Edit: Sorry, I forgot to put that in quotes when I posted this, and I have now forgotten where I found the quote; probably one of the sources below

A quick google:
“The first 38 extinctions during human settlement were influenced by Maori hunting for food, indiscriminate forest burning, and introduction of the Polynesian rat and dogs. Since mid-1800 European arrival there have been another 19 losses caused by logging, forest clearing for pasture, and introduction of a hoard [sic] of predatory animals including bird enemies numbers one and two, stoats and rats. The prominent extinction groups are all 14 moas, 11 rails, 6 wrens and both eagles”

and

“Fourteen species of moa were hunted to extinction over a period of 100 years during the 13th and 14th centuries, immediately after the first human settlement of New Zealand.

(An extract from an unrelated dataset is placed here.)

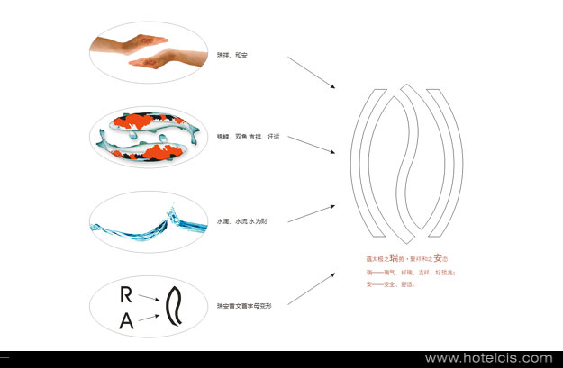 標志的主體設計元素RUIAN首字母,瑞安國際大酒店標志創意中虛的線條部分,代表酒店標志的第一個字母R,左右對稱,更喻含國際化的酒店理念。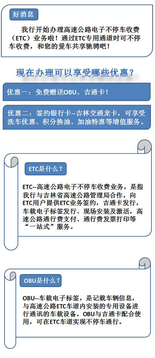 好消息!我行开办高速公路电子不停车收费(ETC)业务啦!

It was the fastest known extermination in the world of a whole fauna of large animals. Moa were in decline when human hunting started, with only 159,000 birds - a severe reduction from 3 to 12 million thousands of years before the arrival of humans.”

http://www.terranature.org/extinctBirds.htm

More lightweight but noting the current situation:
https://www.rnz.co.nz/news/national/332000/four-out-of-five-nz-bird-species-in-trouble

Moderator - this seems to be getting into a new topic - the cause/s of extinctions. The cause/s are related to the denial, but I am happy to be moved elsewhere, especially if a start can be found for that branch of the discussion can include the interesting thoughts above about agriculture, evolution etc…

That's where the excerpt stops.